Insulation neither lets heat in nor out, controlled residential ventilation also neither lets heat in nor out.
Windows, however, do let heat in well, if they are not shaded. So here by radiation and not by convection.
But from your statements, I assume you don’t have external blinds (Raffstores)?
We have roller shutters; we just hadn’t expected such a high heat buildup (as you just calculated) from the pure solar radiation through the windows in the first spring in the new house. We naively assumed that since the windows are heat-insulated, the house would neither let heat in nor out. We eventually understood how important shading is, but those first nice days in May caused a lot of heat inside the house.
As you already said, the house neither lets heat in nor out. So we had to actively cool and since then have paid better attention to shading. However, we still notice that the house continues to warm up in summer; we cool regularly. But we also don’t sit in a bunker; closing all the roller shutters makes the house very dark and dull.

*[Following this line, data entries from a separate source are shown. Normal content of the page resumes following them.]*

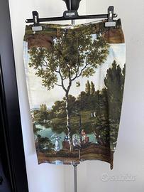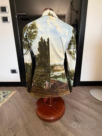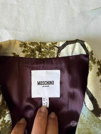 Giacca e gonna Moschino Vintage stampa rarissima originale Moschino. Effetto trompe l'oil con paesaggio pittorico di Pierre Lecomte e logo "Moschino Pierre Lecomte peintre" stampato sul tessuto. Da collezione. Taglia 42. Tessuto 98% in cotone e 2% in elastame. Ottimo stato indossato 2 volte. Ulteriori foto disponibili a richiesta.
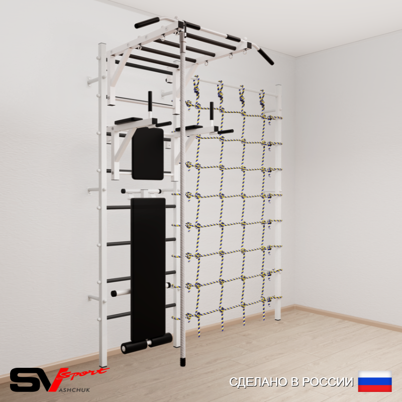 КОМПЛЕКТАЦИЯ: Шведская стенка Sv Sport усиленная (профиль вертикальных стоек 60 х 40 х 2 мм), Турник Sv Sport рукоход к ШС, Брусья Sv Sport к ШС, Скамья для пресса и жима Sv Sport к ШС, Kанат, Канатный лаз.
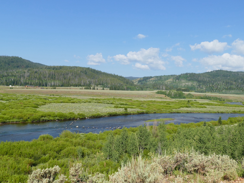 Dorothy thought we were going to stay at the RV park in Rawlins and was starting to register when I walked in. We were both tired but I wanted to get into the cool mountain air. So we filled the fresh water tank and headed 1.5 hours south. We were both too tired to be driving safely. My bad.
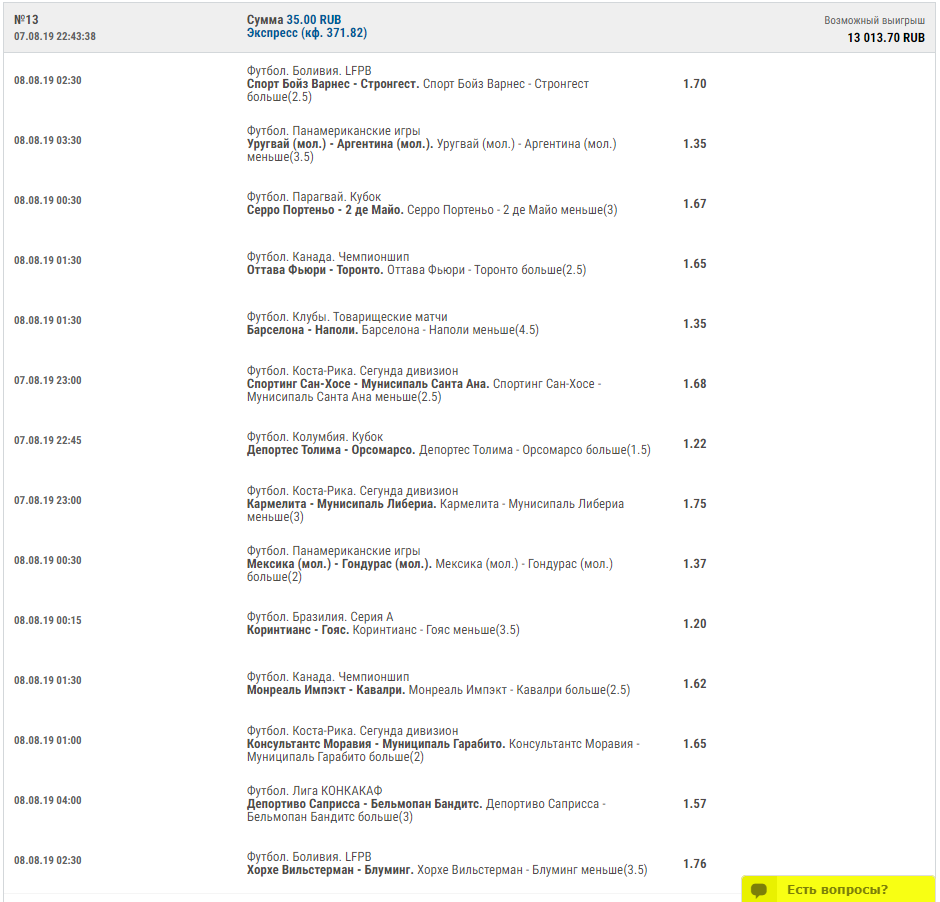А я даже сначала даже не знал что нажимать, пока раздуплился)))Я когда у них регалась, тоже в ставках вобще ничего не понимала, мне муж сказал на тёток поставь и зашла ставка, а кэф 9 с лишним был

So we take a reasonable middle ground between darkening and cooling.
If I were to build again and had the money, I would probably invest in smart home and automatically controlled shading. This was not at all clear to me when building the first time, how important it is.
Would you keep the controlled residential ventilation running normally in summer? We don’t have a summer bypass, so it runs with heat recovery. If it’s 32°C outside, 24°C inside (due to the air conditioning), and I then run the controlled residential ventilation, it will get warmer inside again, right? The air cooled by the AC is transported outside, and the 32°C from outside comes inside? Then I have to expend energy again to cool it down. Or am I thinking about this wrong?